North Korea links suspected in $5 million breach of Tapioca DAO

Tapioca DAO, a decentralized money market protocol on LayerZero, suffered a security breach on Oct. 18, causing its native TAP token to lose more than 90% of its value.

Blockchain security firm Cyvers revealed that the protocol‘s deployer address was compromised, resulting in unauthorized changes to the vesting contract’s ownership.

The attack

The attacker exploited the vulnerability to withdraw more than 21 million TAP tokens using an emergency rescue function. The tokens were then swapped for 591 ETH, which caused TAP to crash 93%.

Further investigation revealed that the attacker used Stargate to bridge some of the stolen assets to BNB Chain. As of press time, the suspicious address holds roughly $4.7 million worth of BSC-USD and USDC on the BNB Chain.

Cyvers estimates the total losses from the breach to be approximately $16.9 million. However, Web3 security auditor Hacken suggested the figure could be as high as $38 million.
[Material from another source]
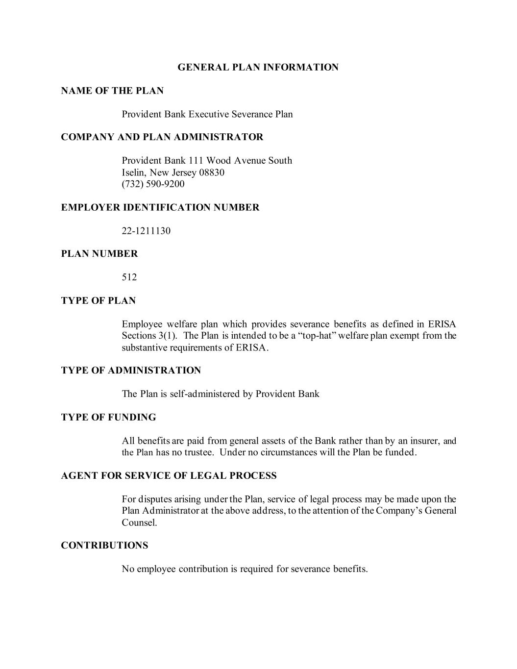GENERAL PLAN INFORMATION NAME OF THE PLAN Provident Bank Executive Severance Plan COMPANY AND PLAN ADMINISTRATOR Provident Bank 111 Wood Avenue South Iselin, New Jersey 08830 (732) 590-9200 EMPLOYER IDENTIFICATION NUMBER 22-1211130 PLAN NUMBER 512 TYPE OF PLAN Employee welfare plan which provides severance benefits as defined in ERISA Sections 3(1). The Plan is intended to be a “top-hat” welfare plan exempt from the substantive requirements of ERISA. TYPE OF ADMINISTRATION The Plan is self-administered by Provident Bank TYPE OF FUNDING All benefits are paid from general assets of the Bank rather than by an insurer, and the Plan has no trustee. Under no circumstances will the Plan be funded. AGENT FOR SERVICE OF LEGAL PROCESS For disputes arising under the Plan, service of legal process may be made upon the Plan Administrator at the above address, to the attention of the Company’s General Counsel. CONTRIBUTIONS No employee contribution is required for severance benefits.

In the aftermath of the attack, Hacken warned users of phishing attempts. Malicious actors are reportedly spreading fake links that promise refunds while urging users to revoke their accounts.

The security firm warned:

“Weve noticed fake accounts impersonating Tapioca_dao posting phishing links under this thread. Please do not interact with any suspicious links or messages claiming to be from Tapioca. Stay vigilant and protect your assets.”

Tapioca DAO, which is building a DeFi money market and stablecoin on Layer Zeros cross-chain infrastructure, has yet to issue a public statement regarding the breach as of press time.

North Korea connection

On-chain investigator ZachXBT speculated that the Tapioca DAO hack could be linked to malware downloaded by a team member.

He pointed out that this exploit may be related to a series of recent hacks targeting projects like Nexera, Concentric, Masa, SpaceCatch, Reach, Serenity Shield, and MurAll.

ZachXBT pointed out that these attacks are part of a larger operation involving fake job scams, potentially connected to state-sponsored threat actors from North Korea. However, there is no conclusive evidence linking the Tapioca breach to North Korea as of press time.